Godgeleerdheid en onderwijs.
Transeat.
Neue Entdeckungen auf dem Gebiete der biblischen Textkritik. - Proben und Hypothesen von Jacob Jongeneel. Leiden, J.K. Steenhoff. 1868.
Dat dit werkje voor het meerendeel van het publiek geen oogenblikkelijk belang heeft, spreekt vanzelf. Had het voor de theologen maar een grooter! Maar het spijt mij, nu de redactie van ‘de Tijdspiegel’ mijn oordeel over Jongeneel's studie vraagt, te moeten verklaren: voor zoover ik het na kan gaan, bevat het mislukte proeven en verkeerde hypothesen.
Jongeneel heeft gezocht naar de regels, die de Hebreeuwsche dichters bij den strophenbouw gevolgd hebben. Hij meent, dat, indien wij die opsporen en met behulp van het gevondene ons den oudsten vorm der handschriften voorstellen konden, ons een kostbaar middel voor de textkritiek zou gegeven zijn. Dat spreekt vanzelf.
Maar bij zulke onderzoekingen meent men zoo licht gevonden te hebben, wat men gaarne wil vinden. Onze eigene hypothesen worden ons vaak dierbaarder dan de waarheid, en wij zien dan niet nuchter uit de oogen.

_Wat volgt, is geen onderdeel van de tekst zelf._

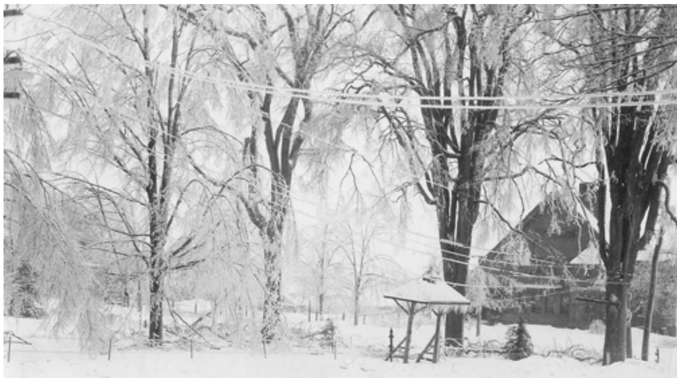
The Library is encased in ice following the ice storm of February 20-22, 1898, documented by Norfolk photographer Marie Kendall.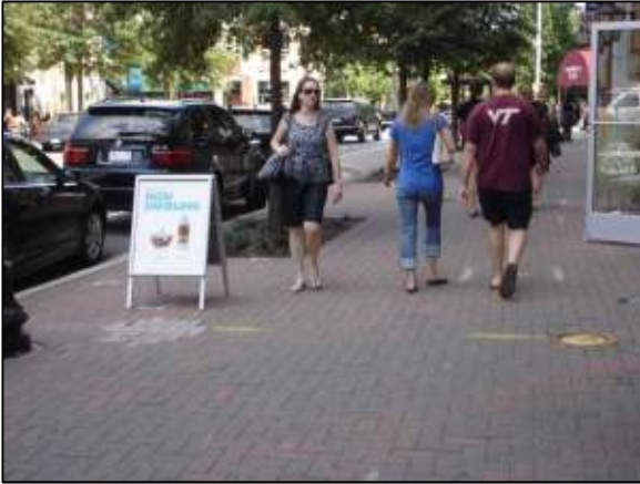
Temporary sidewalk sign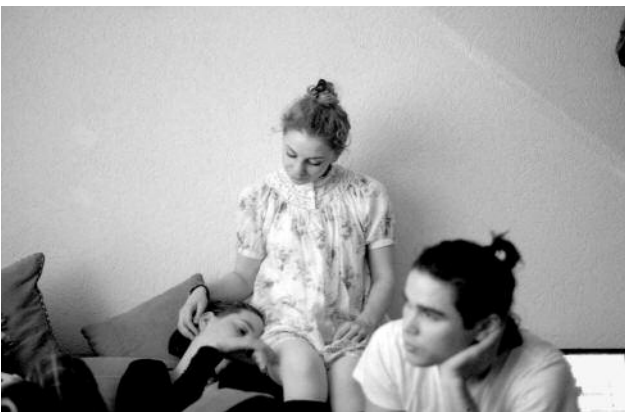
11 © Gioia de Bruijn, courtesy of Flatland Gallery, Amsterdam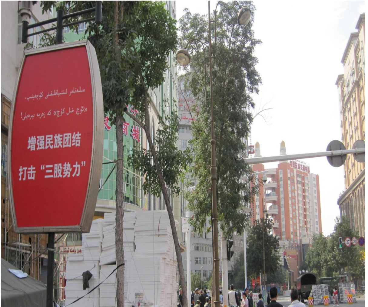
Figure 4.2: Just one example of this slogan erected approximately every 20 yards on Tuanjie Lu ( Tuanjie Street ), with a heavily military roadblock on every junction (see bottom right): “ Jiaqiang Minzu Tuanjie, Daji ‘San gu Shili’ ” (“Strengthen Minzu Tuanjie , Strike Hard against ‘The Three Evils’”).

Han-centric visions of social order are not limited to the domestic level in official Chinese policy discourse. “Harmony through diversity” ( He er butong ) has been at the centre of Hu Jintao’s “harmonious world” foreign policy and his answer to the “clash of civilisations”. Hu’s “harmonious world” approach thus intensifies the re-inscription of difference but this is a pluralism of sovereign states rather than a plurality of publics (Kerr, 2011, p.171-172 & 175). Harmony, or harmonisation, is thus a nationalist drive to make identity congruent with the PRC’s sovereign borders. The party-state’s approach to identity-security in Xinjiang and international relations was exemplified through the complete closure of the internet and international phone calls for approximately 10 months after the violence of July “to prevent unrest” (Xinhua, 2009). The physically external world of international news is thus understood and represented by the party-state as a threat to identity-security. Uyghurs are quarantined from international news to prevent “infiltration” of alternative information from the ‘outside’. Conversely, this approach to security also quarantined the perspectives of Uyghurs from being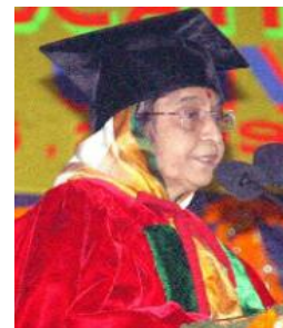
91 st Convocation – 2009 Hon'ble Vice-President of India Smt. Pratibha Devi Singh Patil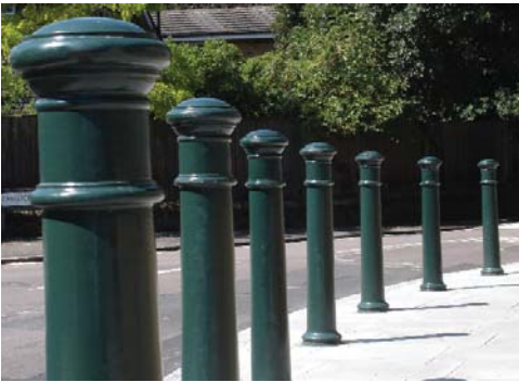
Too many bollards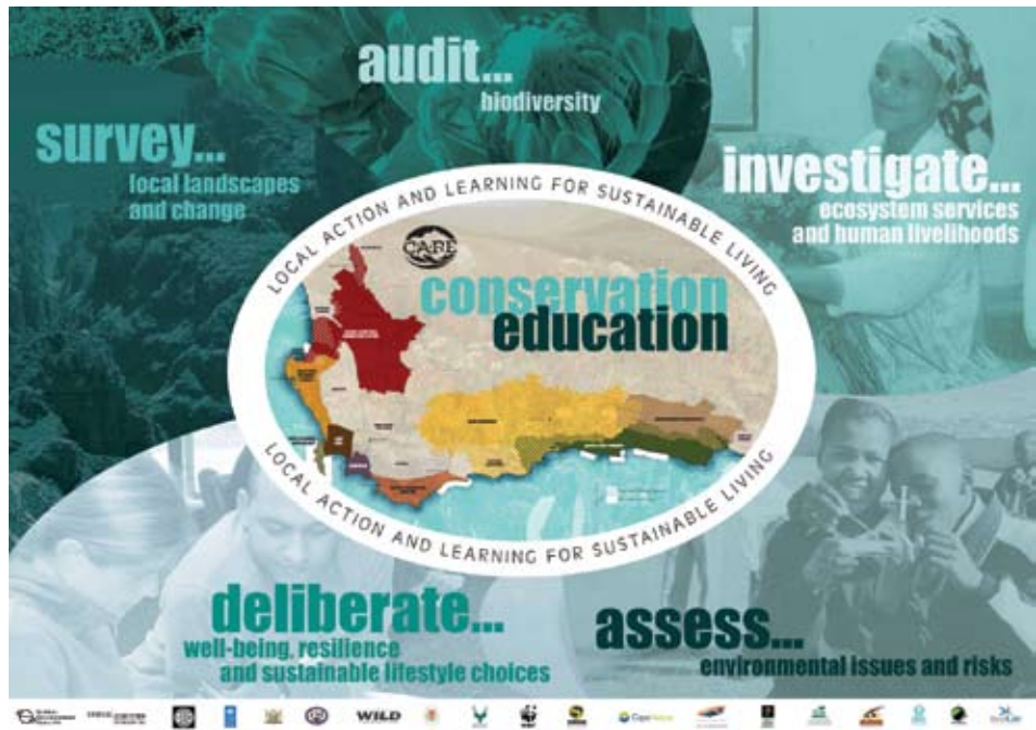
The C.A.P.E. Conservation Education programme has identified opportunities for learning and action that respond to issues of biodiversity and sustainable living in the CFR.

human well-being and lifestyle choices, enabling educators and learners to make informed decisions about living sustainably.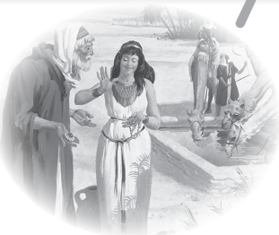
Isaac and Rebekah Genesis 24

Review the Bible truth in the lesson. Sing songs and pray. Send information and completed projects home to families.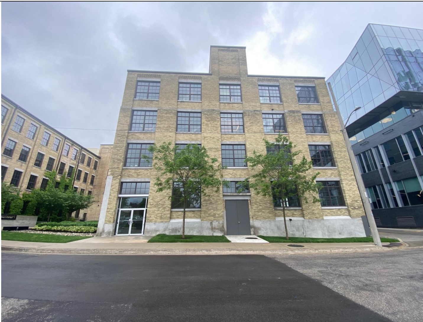
51 Breithaupt Street – front elevation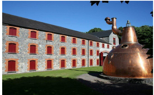
Jameson Distillery in Midleton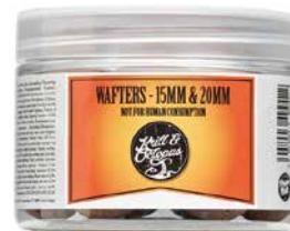
Wafers 15 & 20 mm Semi buoyant hookbait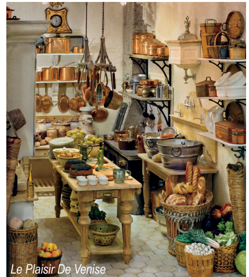
Le Plaisir De Venise

The European kitchen from Chessington Plaza by Dan McNeil is a favorite of mine. It doesn't feature as much food as the other examples, but its design with tiled sink and backsplash and copper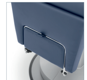
Foldable footrest, optically perfectly integrated into the leg section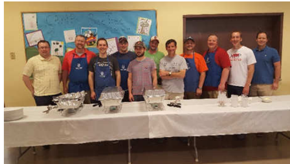
Helpers at Dad's Breakfast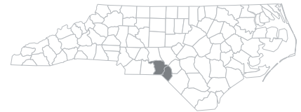
THE RICHMONDCC SERVICE AREA, NC

The Nurse Aid I program 1 was established in 1971. In FY 2019-20, RichmondCC enrolled 171 students in the program. Of these students, nine graduated with a certificate and five graduated with an associate degree in FY 2019-20. Another 22 students graduated from the workforce development program.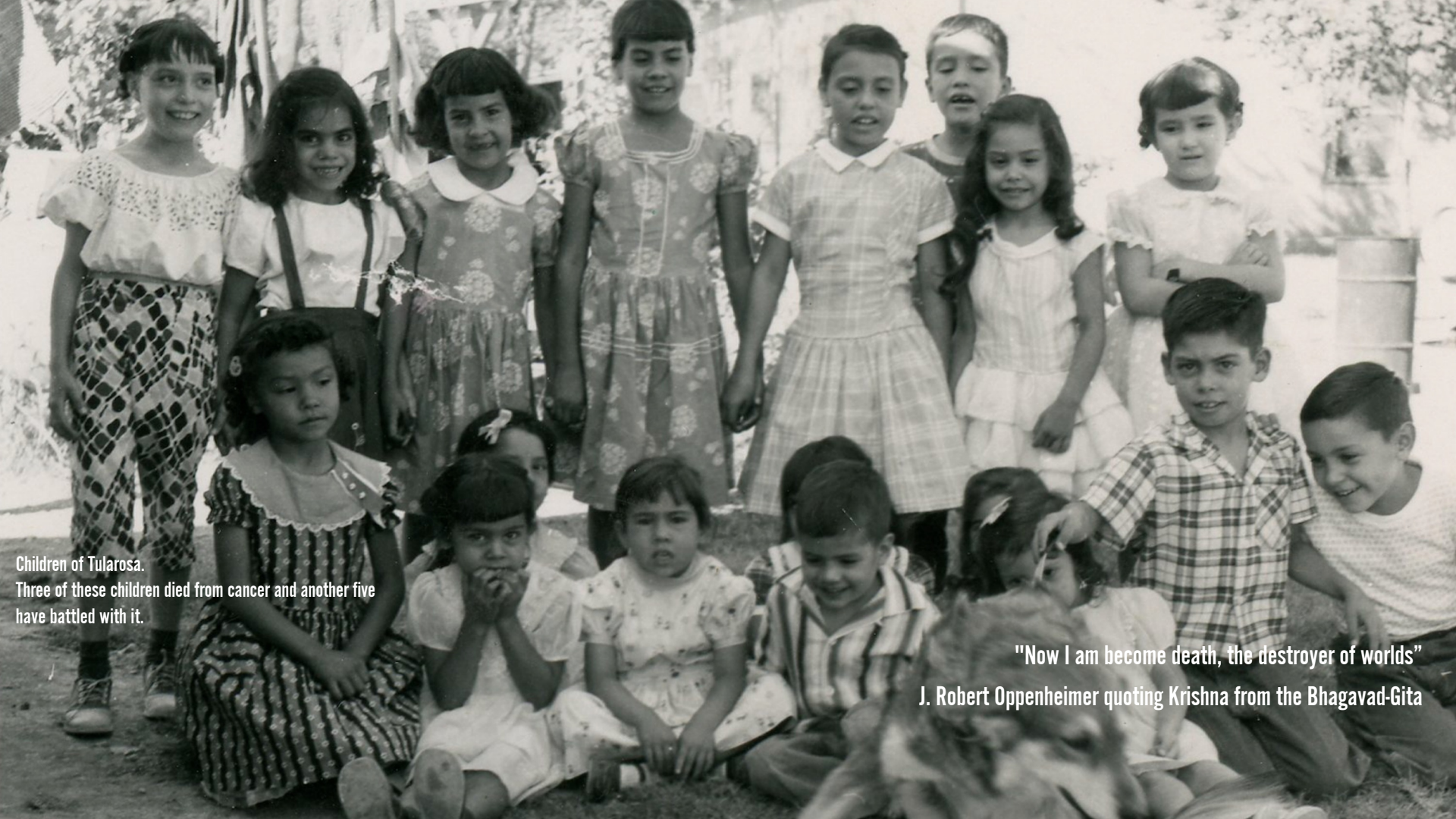
Children of Tularosa. Three of these children died from cancer and another five have battled with it.

"Now I am become death, the destroyer of worlds" J. Robert Oppenheimer quoting Krishna from the Bhagavad-Gita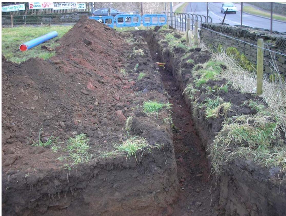
Plate 2: General shot of pipe trench in Field 2, Pennington Lane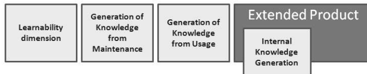
Figure 1: Generation of knowledge with an “Extended Product”.

design, manufacture, marketing, etc.... They represent somehow the power and capability of a firm. Various methods are available such as MASK, REX, MSKM, etc... to model the knowledge generated within these phases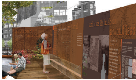
INTERPRETIVE WALL & DONOR WALL $50,000

Commemorative plaque with the inscription of your choosing Framed rubbing of plaque Listing on donor wall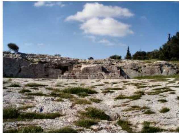
Modern photo of the Pnyx

The Athenian people formed the first ever democracy. Men gathered at a monthly meeting called the Assembly where important decisions were made.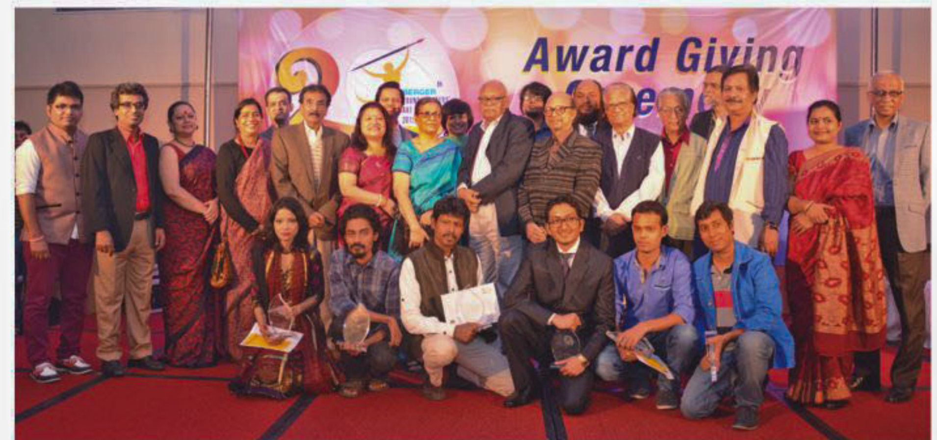
Participants and organisers at the award giving ceremony.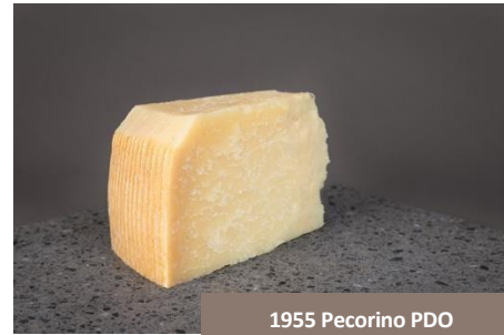
1955 Pecorino PDO Busti Formaggi

This is the full force of Italy! Matured for a long time, this Pecorino PDO reveals a richness and depth that unfold as you savour it. Mild at first, then becoming more intense, it develops notes of butter and dried fruit that linger on the palate. A cheese with character for those who love a good discovery.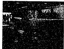
Juice bar and Pro Shop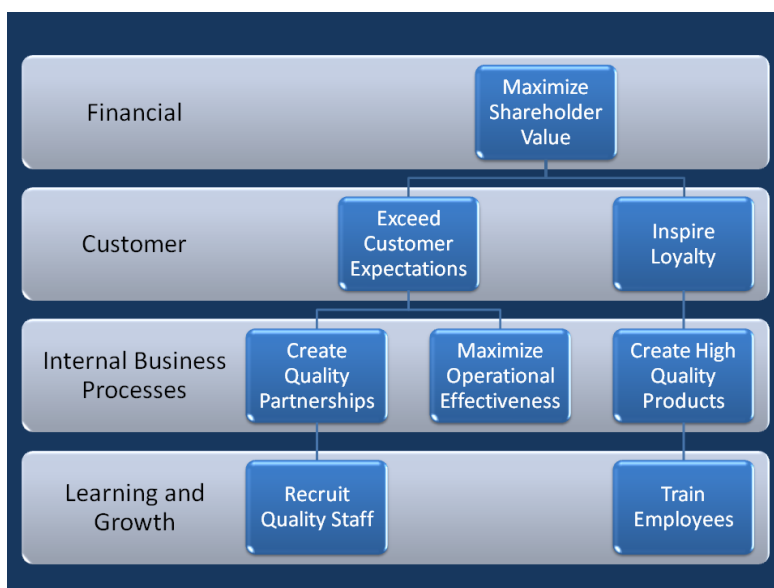
Figure 7.1: A generic strategy map by Mrgrs123

card is a concise but quantified representation of the strategy, the balanced scorecard is used to discover and improve the activities that are crucial for the strategy.

Prof. Land heeft in het Theol. Tijdschrift van l.l. Mei eenige staaltjes gegeven van Jongeneel's willekeur in het afdeelen der strophen. Laat mij op iets anders wijzen, wat m.i. zelfs den geachten schrijver, wanneer hij niet door den tijd zelf reeds ontnuchterd is, tot bezinning moet brengen.
Jongeneel veronderstelt, dat de aanvang- of sluitletters der regels met elkaar woorden gevormd hebben, waarin, òf des dichters naam vermeld was, òf eene vervloeking over Israëls vijanden werd uitgesproken, òf eenig ander naricht werd gegeven. De hoeksteen zijner onderstelling is, gelijk hij zelf zegt, Ps. 119, omdat daar de strophenindeeling niet behoeft gezocht te worden, maar gegeven is.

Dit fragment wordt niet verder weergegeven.